Well, in the same lines as my previous answer, imo:

  • In order to be consistent with your interpretation, both queries should return the same results (urn:s,urn:o,1 and urn:s,urn:t,2), since unbound variables (in this case ?y) are not in the domain
  • In order to be consistent with my interpretation, the queries should return different results (the first one, would return an empty result, the second would return the results urn:s,urn:o,1 and urn:s,urn:t,2, since all variables (even if unbound as is ?y) are in the domain

(And just as in my previous answer, I like the second one better, but over anything I prefer consistency)

OK, agreed, but then, if you really want to distinguish UNDEF (or null) from no value, and treat it as a first-class RDF term, you need to specify what happens in other situations where the SPARQL semantics says something about a variable having no value. For example, cases like BIND(expression as ?x). Currently an error raised during evaluation of expression means ?x is unbound, i.e. no value, not in the domain of the solution. Now, under your proposal, there's a choice of no value vs UNDEF.

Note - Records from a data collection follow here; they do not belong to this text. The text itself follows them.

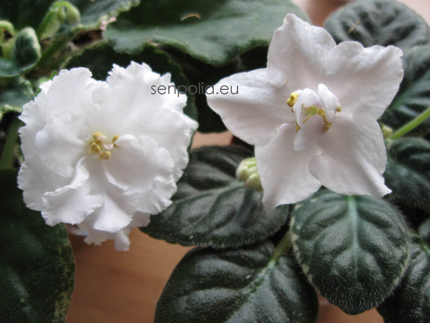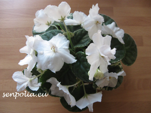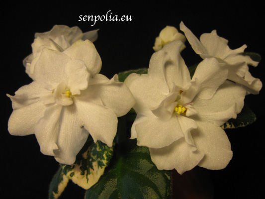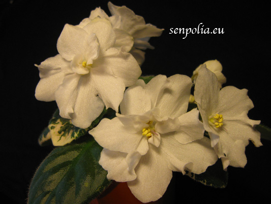 Описание: Крупные, ослепительно-белые (с синевой) , простые и полумахровые звёзды-колокола с удлинёнными лепестками нарядным букетом покрывают очень тёмную, компактную, пёструю листву.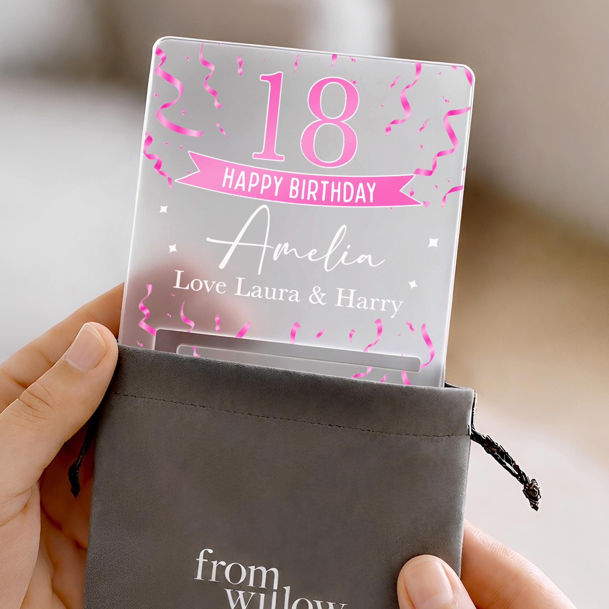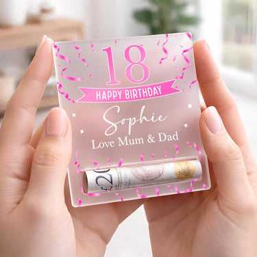Personalised 18th Birthday Gift Cash Money Holder Frosted Acrylic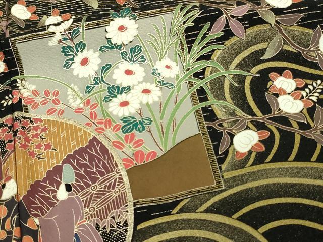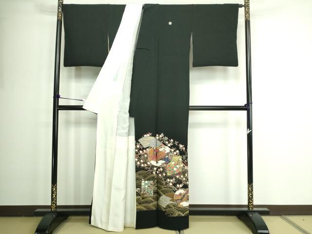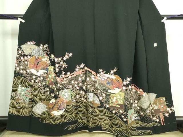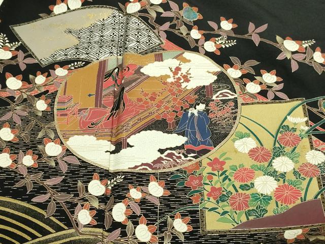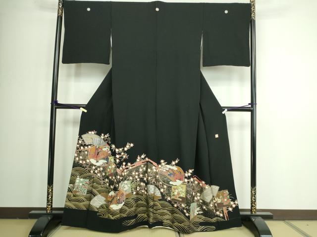 Heiwa-ya Kimono - Dyed Ikkiho Black Tomesode with Portrait and Landscape Design, Gold and Silver Accents, Pure Silk, Excellent Item, DAAZ9747sf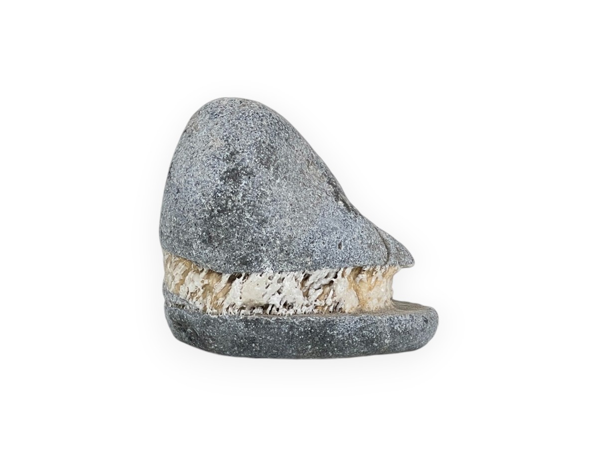 Deze Japanse suiseki heeft een natuurlijke vorm die doet denken aan een kleine hut: het donkergrijze, conische bovendeel doet denken aan een schuin dak, terwijl de lichtere centrale band, de muren van de hut suggereert. De donkergrijze kleur met lichtere aders geeft diepte en natuurlijkheid aan het geheel en versterkt de indruk van een landelijke scène ondergedompeld in de stilte van het verleden.

Same for filters, say, there's FILTER(?x = expression). Currently, if the optimizer can statically figure out that ?x cannot be bound (or that expression would always evaluate to error), it can just remove the whole graph pattern under that filter since it won't produce solutions. If you start using UNDEF there, it won't be possible because the other operand of the equality can be evaluated to UNDEF too, and then the filter can succeed. You can maybe work around it by still using the unbound value semantics for expression evaluation but only using UNDEF for OPTIONALs, but it can quickly get hairy given the semantics of FILTERs in OPTIONALs.